A pipe layer apprenticeship program features a mix of on-site training and classroom instruction. In the classroom, students examine safety and building regulations. They also learn to read blueprints and put concepts from physics and chemistry into practical application. At job sites, students learn to properly use hand tools, identify grades of pipe, shore up trenches and install pipes and valves.
An apprenticeship typically can be completed in 3-5 years. Many states require that pipe layers be licensed or certified, which usually calls for completing an apprenticeship program and meeting experience requirements.

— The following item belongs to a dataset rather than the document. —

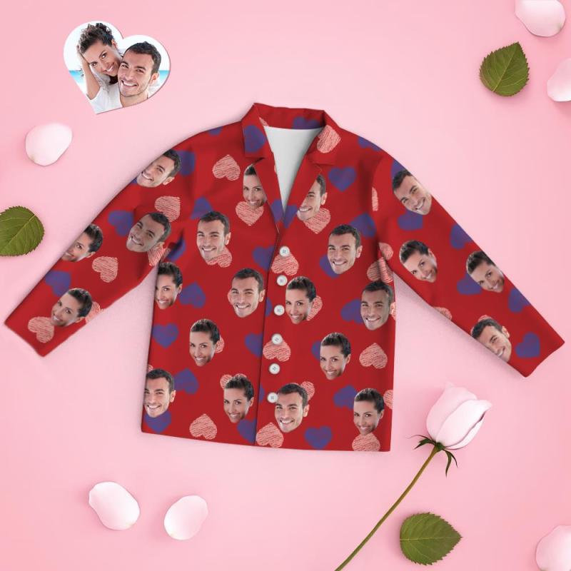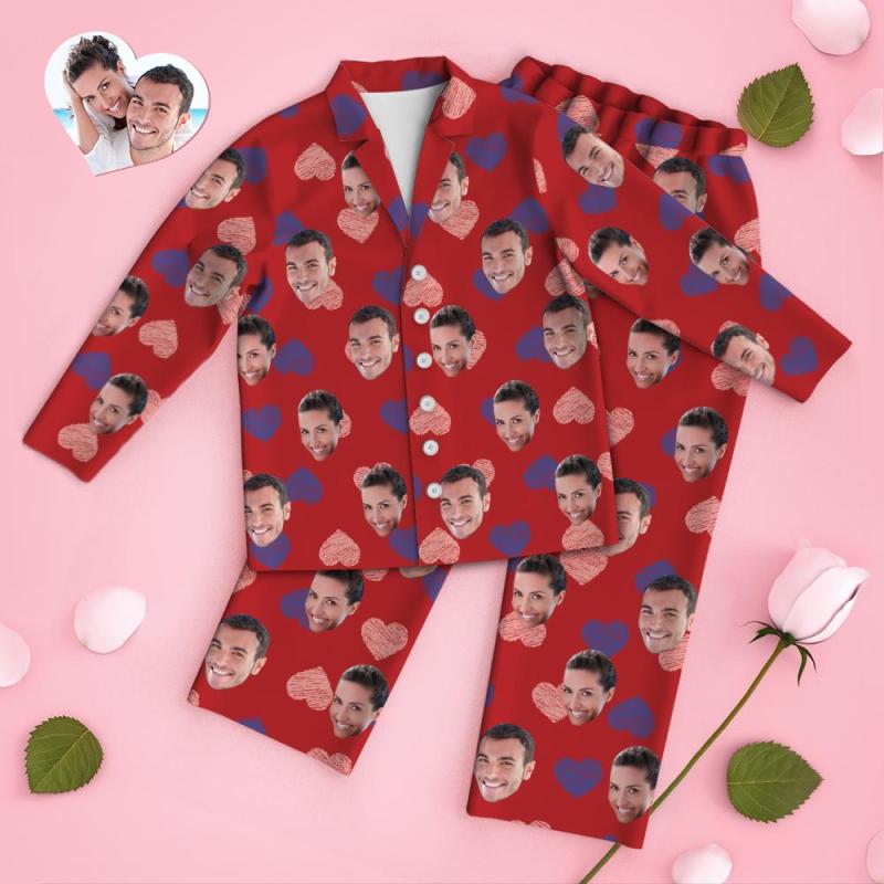 Custom Face Long Sleeve Pajamas Sleepwear Set - Stripe Hearts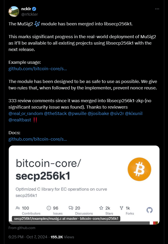- Bitcoin Core v28.0 is here. Highlights include support for testnet4, opportunistic 1-parent-1-child (1p1c) package relay, default relay of opt-in TRUC and pay-to-anchor transactions, limited package RBF relay, and full-RBF by default. It also adds default parameters for assumeUTXO, enabling the

- Prerequisites: High school diploma or GED, prior coursework in mathematics and drafting, a year or more of experience in construction or public works
- Experiential Learning: On-site training
- Other Requirements: License or certification
- Program Length: 3-5 years
Apprenticeship Programs in Pipe Laying
Coursework requirements vary by program, but usually include at least 144 hours of classroom time per year. Possible topics covered in the classroom portion of an apprenticeship program include:
- Water distribution systems
- Wastewater collection
- Materials estimations
- Blueprint reading
- Plumbing codes
Employment Outlook and Salary Info
Completing an apprenticeship program qualifies graduates to work as journeyperson pipe layers. Plumbing companies, municipal water departments, utility companies and pipeline companies are possible employers.
The U.S. Bureau of Labor Statistics (BLS) projected a 28% increase in the employment of pipe layers from 2012-2022 (www.bls.gov). This growth is expected to be driven by the continued increase in the construction industry overall. According to the BLS, the mean annual salary of pipe layers was $40,730 in May 2014.
Certification and Licensing
Some states or municipalities require pipe layers, usually those who lay gas lines or work for public utilities, to obtain a license or certification. Government certification and licensing requirements vary, but generally include completion of an approved apprenticeship program and experience in the field. Some municipalities also require proof of employment.